Among the lines below, copy exactly those from the one with "SANA Nameraka Honpo" through the one with "위험근무수당 인상과 특수업무수당", counting both ends.

§ Records provided
··········

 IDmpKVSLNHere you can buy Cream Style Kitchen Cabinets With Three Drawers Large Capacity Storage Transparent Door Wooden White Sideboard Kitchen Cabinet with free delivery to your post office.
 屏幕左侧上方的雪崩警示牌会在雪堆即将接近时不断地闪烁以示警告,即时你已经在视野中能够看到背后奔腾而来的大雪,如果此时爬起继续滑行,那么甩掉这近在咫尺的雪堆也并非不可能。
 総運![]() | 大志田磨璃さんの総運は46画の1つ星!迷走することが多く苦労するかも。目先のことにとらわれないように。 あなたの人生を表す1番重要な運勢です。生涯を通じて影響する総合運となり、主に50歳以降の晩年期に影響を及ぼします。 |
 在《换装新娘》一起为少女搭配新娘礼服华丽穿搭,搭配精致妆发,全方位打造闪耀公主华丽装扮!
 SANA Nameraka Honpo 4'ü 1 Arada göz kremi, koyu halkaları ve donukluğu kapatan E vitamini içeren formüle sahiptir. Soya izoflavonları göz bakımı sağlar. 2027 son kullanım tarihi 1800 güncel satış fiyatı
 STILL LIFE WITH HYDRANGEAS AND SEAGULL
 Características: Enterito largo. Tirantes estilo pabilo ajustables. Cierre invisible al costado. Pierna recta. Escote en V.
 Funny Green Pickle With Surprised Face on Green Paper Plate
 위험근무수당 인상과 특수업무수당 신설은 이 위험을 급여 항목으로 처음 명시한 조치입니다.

··········

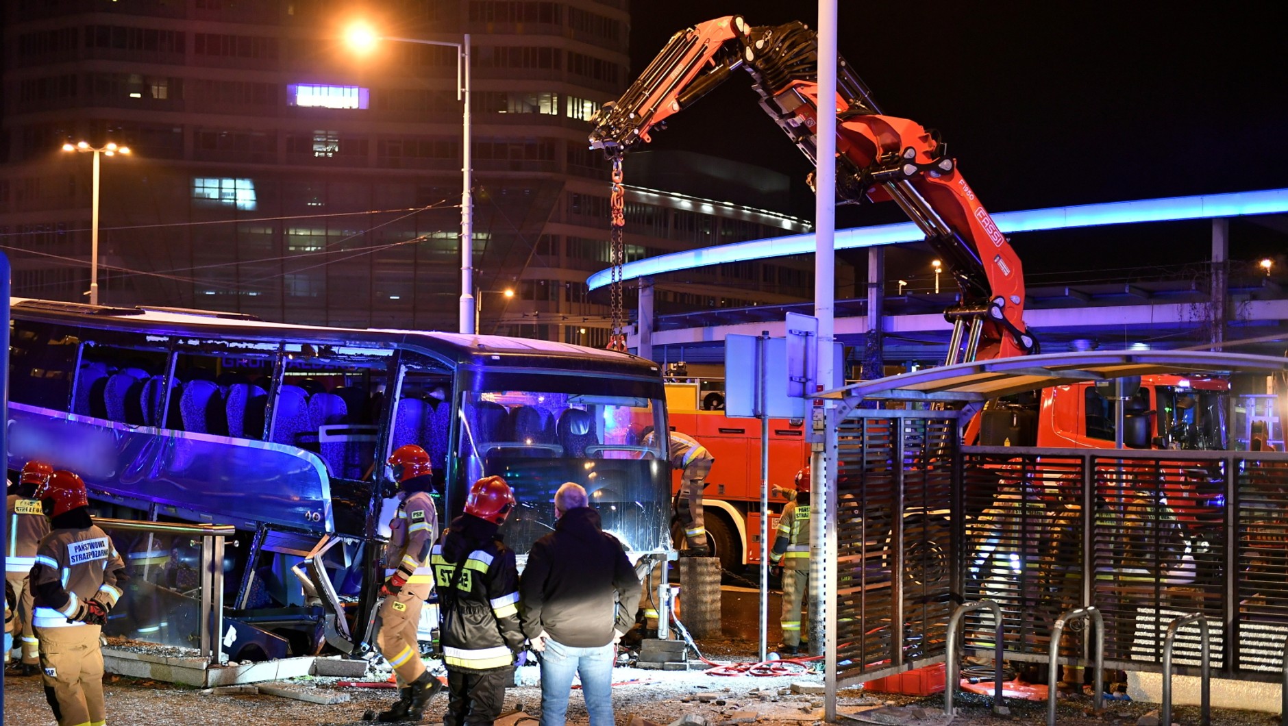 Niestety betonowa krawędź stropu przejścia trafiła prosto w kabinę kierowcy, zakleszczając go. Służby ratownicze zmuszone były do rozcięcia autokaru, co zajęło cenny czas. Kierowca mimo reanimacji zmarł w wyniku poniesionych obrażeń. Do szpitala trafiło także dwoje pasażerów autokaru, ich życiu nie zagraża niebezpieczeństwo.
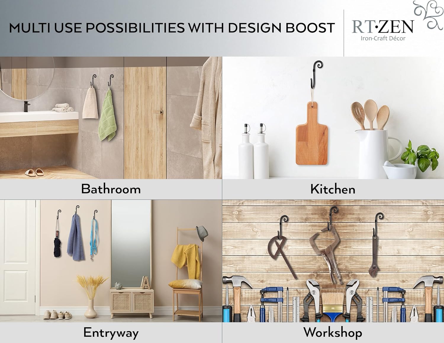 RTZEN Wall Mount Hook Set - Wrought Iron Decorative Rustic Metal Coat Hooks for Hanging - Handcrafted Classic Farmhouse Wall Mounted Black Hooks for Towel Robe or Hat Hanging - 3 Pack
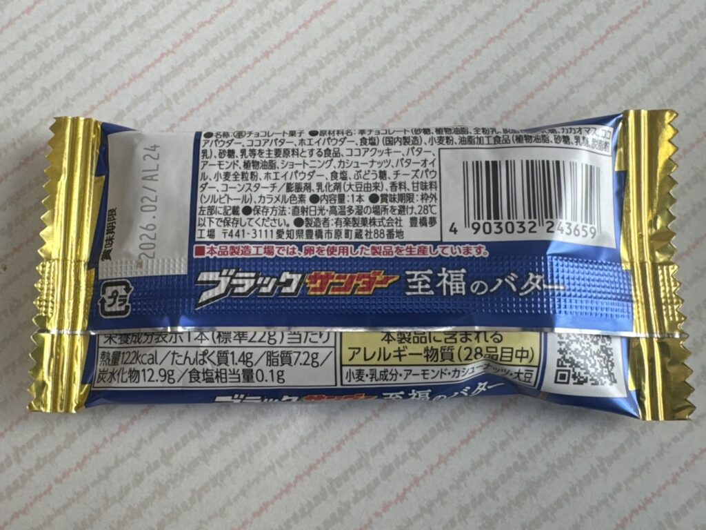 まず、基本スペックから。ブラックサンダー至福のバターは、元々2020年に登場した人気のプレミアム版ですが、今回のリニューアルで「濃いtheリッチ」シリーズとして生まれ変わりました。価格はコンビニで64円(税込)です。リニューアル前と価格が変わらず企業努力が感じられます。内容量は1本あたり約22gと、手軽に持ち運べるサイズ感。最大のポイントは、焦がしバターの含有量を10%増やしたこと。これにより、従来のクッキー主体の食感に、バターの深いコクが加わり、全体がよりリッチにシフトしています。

··········

§ Response
 SANA Nameraka Honpo 4'ü 1 Arada göz kremi, koyu halkaları ve donukluğu kapatan E vitamini içeren formüle sahiptir. Soya izoflavonları göz bakımı sağlar. 2027 son kullanım tarihi 1800 güncel satış fiyatı
 STILL LIFE WITH HYDRANGEAS AND SEAGULL
 Características: Enterito largo. Tirantes estilo pabilo ajustables. Cierre invisible al costado. Pierna recta. Escote en V.
 Funny Green Pickle With Surprised Face on Green Paper Plate
 위험근무수당 인상과 특수업무수당 신설은 이 위험을 급여 항목으로 처음 명시한 조치입니다.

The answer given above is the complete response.